• _BRIEF_: All lines from the one containing "Top burdeos de" through the last line of the listing below are to be copied exactly. Exclude the pictures.

• _GIVEN RECORDS_:
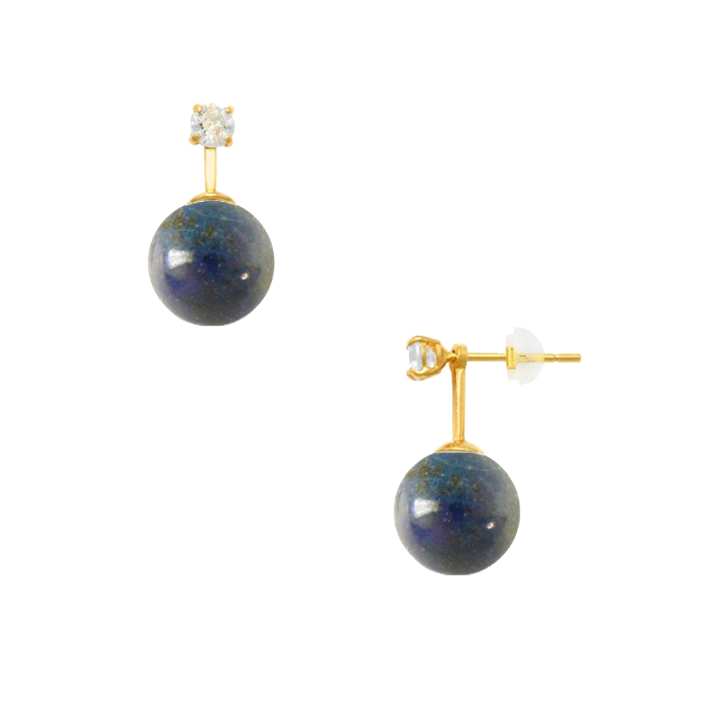 Το ένα τμήμα είναι καρφωτό σκουλαρίκι με ένα λαμπερό ζιργκόν διαμέτρου 3 χιλιοστών, και το άλλο μία χρυσή βάση 14 καρατίων με ημιπολύτιμους λίθους Lapis σε σχήμα Round (σταγόνα), διαμέτρου 8 χιλιοστών με συνολικό μήκος περίπου 1 εκατοστό.
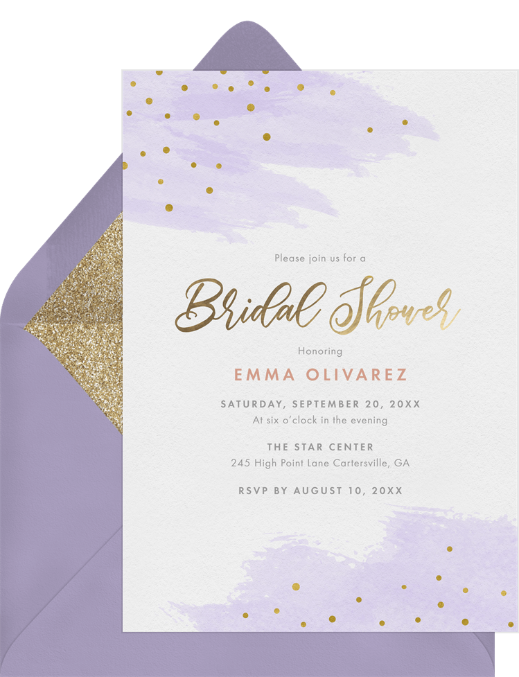 invitations sprinkle of gold purple bridal shower Designs
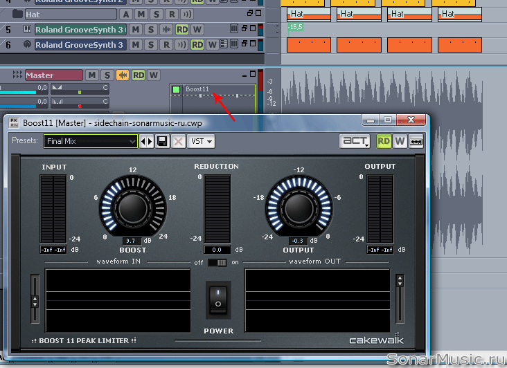 На Master шину я поставил мастеринговый плагин Boost11 для повышения уровня сигнала конечного микса:
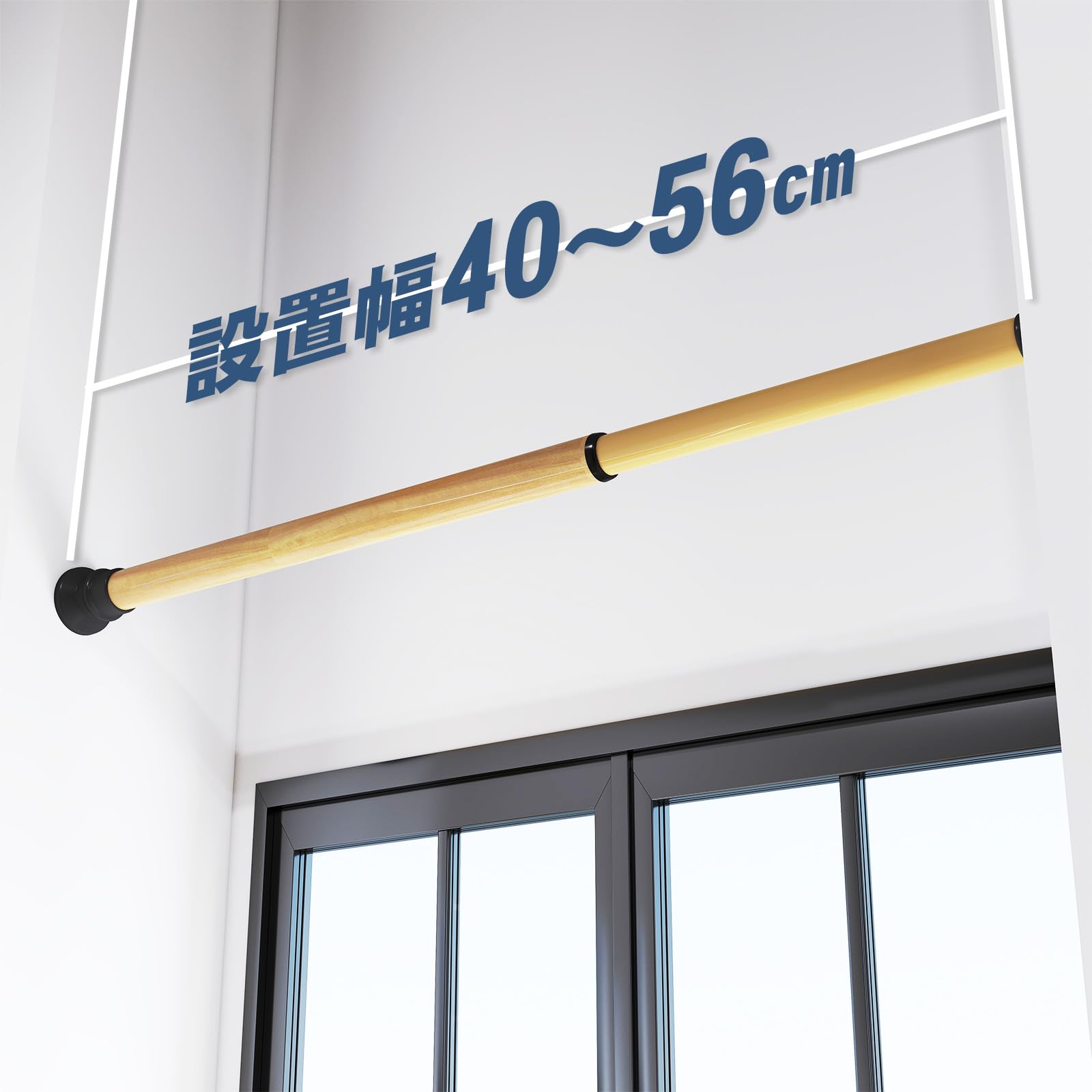 BAOYOUNI 突っ張り棒 つっぱりポール、幅40~56cm、耐荷重35kg、パイプ直径2.5cm、スチール製、カーテンポール (木目調)
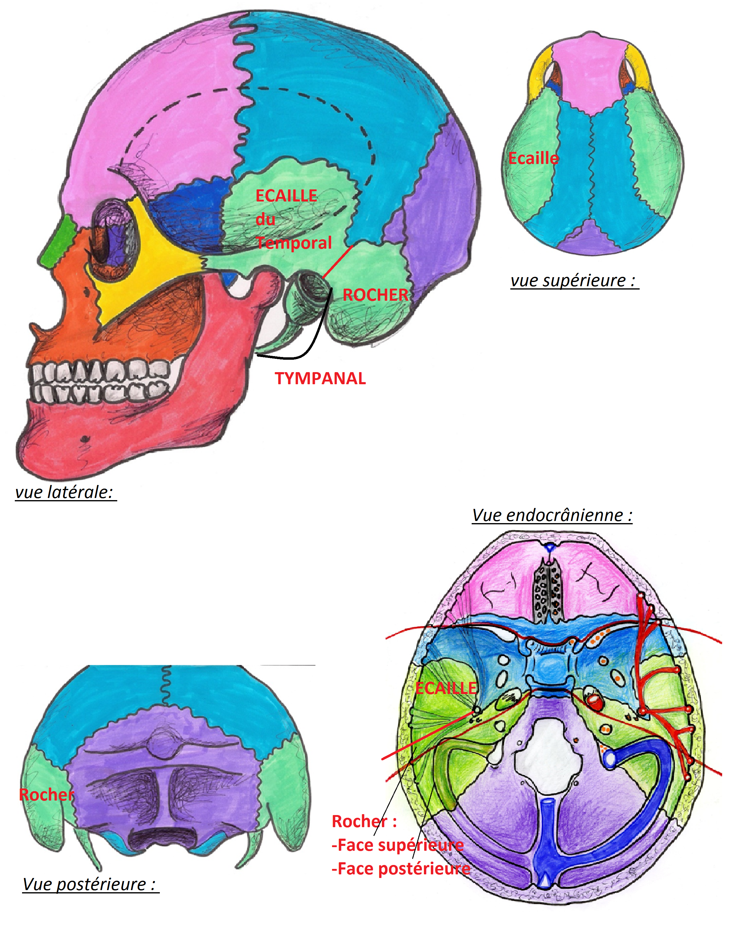 J'ai pas très très bien compris la différence entre l'écaille, le rocher, et le tympanal...^^ Y'a eu un QCM dessus y'a 2 ans, ou on disait que l'écaille s'articule pas avec l'occipital et le pariétal, du coup j'ai un peu de mal à visualiser tout ça ^^ !
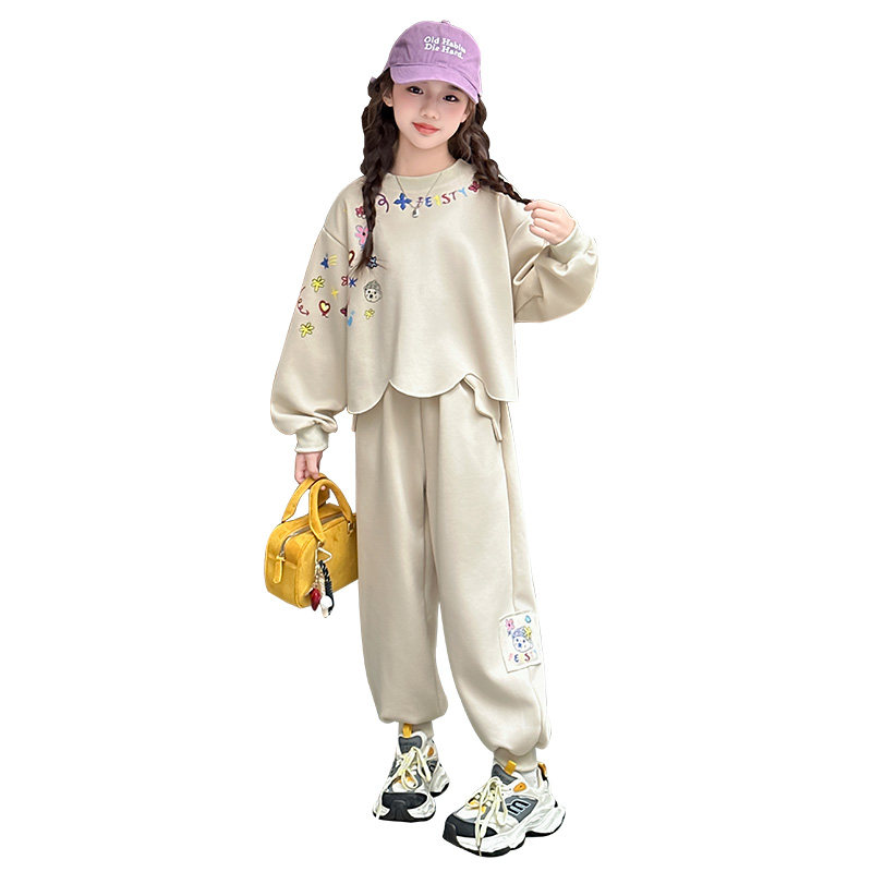 女童春装休闲套装2026新款洋气春秋圆领卫衣初中生女孩运动两件套
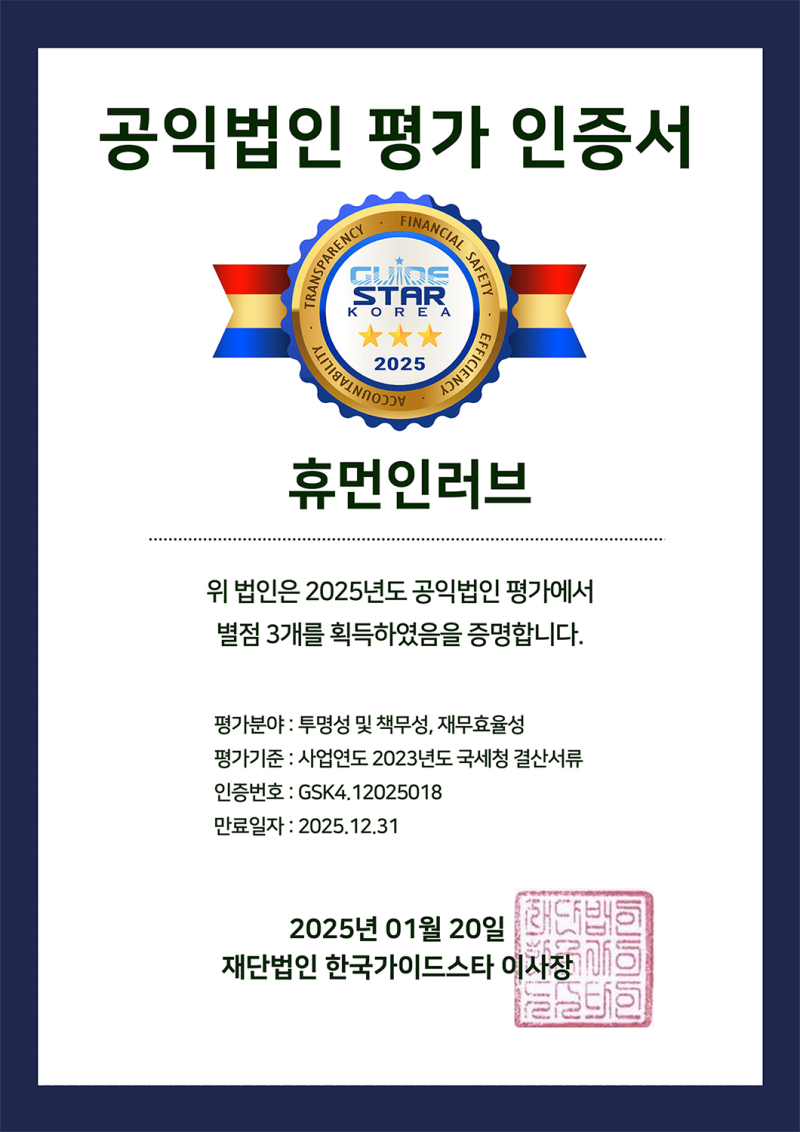 휴먼인러브, 5년 연속 공익법인 평가 최고등급 선정
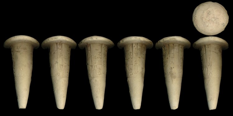 泥钉是古代两河流域建筑中非常有特色的一种构件,它一般形似圆锥或圆柱,其主体会被嵌在砖块之间,砌入建筑物墙体内,仅留下钉帽露在外面。因此,书写在泥钉钉部的铭文和泥砖上的铭文一样在正常情况下是无法被看到的。和泥砖类似,泥钉上的铭文通常也是君主在修建神庙时对于神明的奉献之辞,其作用类似于今天有时会镶嵌在建筑物墙面上的纪念性基石。除泥钉外,也有陶制、石制或金属制的钉子。有时钉子上并没有铭文,但在钉帽上会加以彩绘等,以此作为墙面装饰的一部分。本文编译的是拉加什第二王朝的著名统治者古地亚在修筑神庙时使用的泥钉(NBC 6066)上的铭文。带有相同铭文的泥钉共计出土了超过三十五件。这篇铭文被选为康拉德·福尔克(Konrad Volk)所著《苏美尔语文选》(A Sumerian Chrestomathy)的第二篇。本文在编译原文之外附上了语法分析供苏美尔语初学者参考。阅读《苏美尔语文选》中的其他内容,请移步《苏美尔语文选》学习辅导页面。
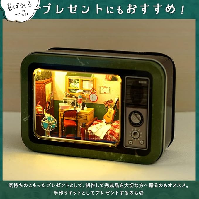 moin moin ドールハウス ミニチュア 手作りキット セット 手のひらサイズ 缶 小物入れ 昭和 TVの中 和風 レトロ テレビ 型 グリーン 実家の自分の部屋 | LEDライト 2110dh297 | KAZESHOP
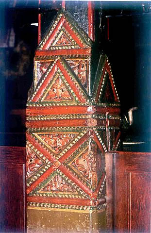 Twee stevig Stütten ut Holt dräägt de Deck ut dicke Balken.
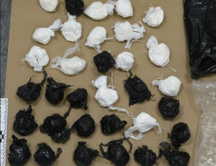 After the suspicious man was seen stashing the packages, a homeowner contacted police, who were able to determine that the bags contained a large amount of suspected cocaine.
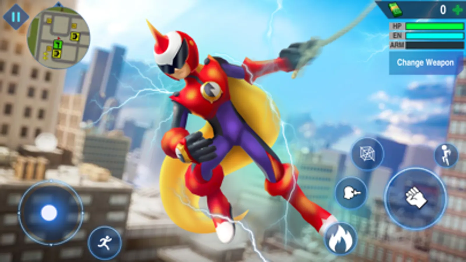 Play as a superhero character, protect the people in the city. Fight the criminals, bring peace to the world. Use the hero's special skills, destroy all enemies.
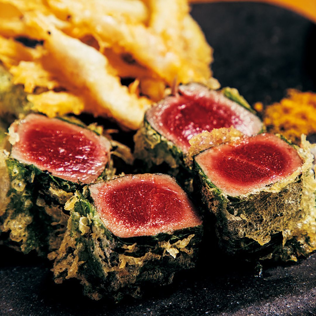 ③「マグロのレア天ぷら」は紫蘇がアクセントに。
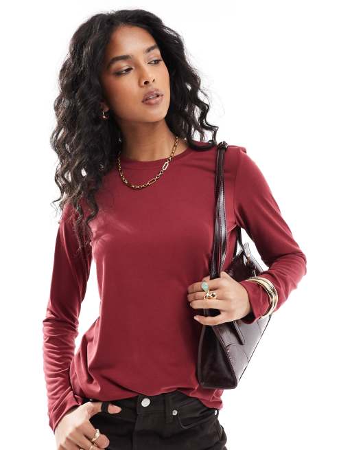 Top burdeos de manga larga con cuello redondo de modal de ASOS DESIGN
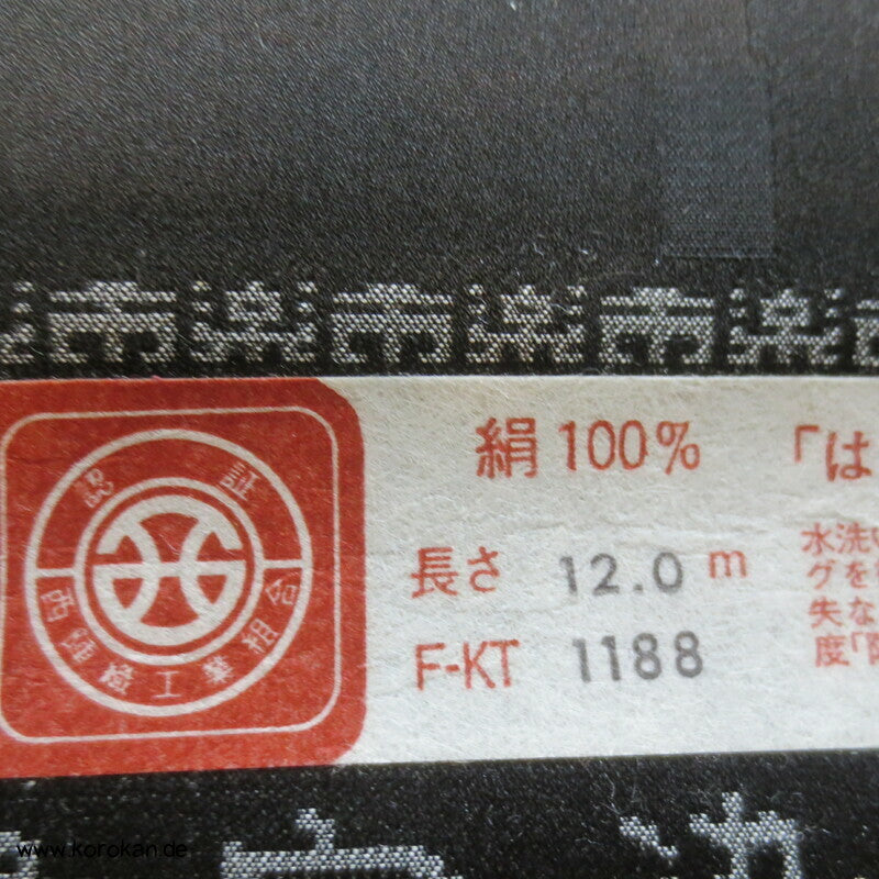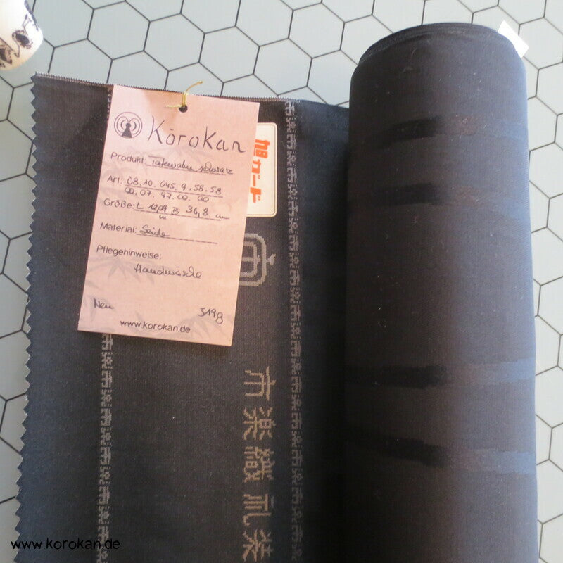 Vintage unbenutzter schwarzer Haori Kimono Tatewaku Damast Seiden Stoff - = Tanmono mit Etiketten.
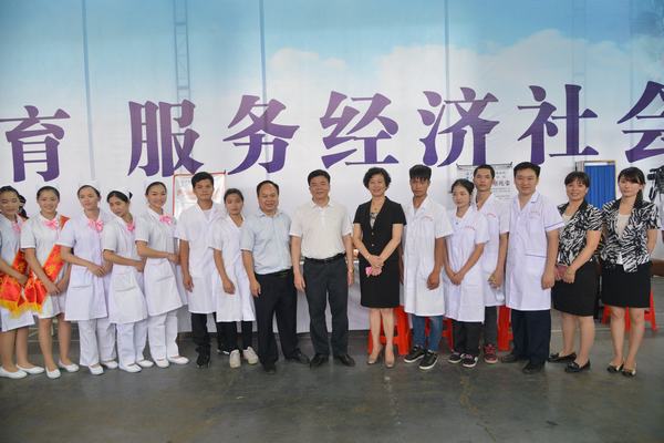 自治区教育厅副厅长黄雄彪与学校师生合影

• _TASK ANSWER_:
 Top burdeos de manga larga con cuello redondo de modal de ASOS DESIGN
 Vintage unbenutzter schwarzer Haori Kimono Tatewaku Damast Seiden Stoff - = Tanmono mit Etiketten.
 自治区教育厅副厅长黄雄彪与学校师生合影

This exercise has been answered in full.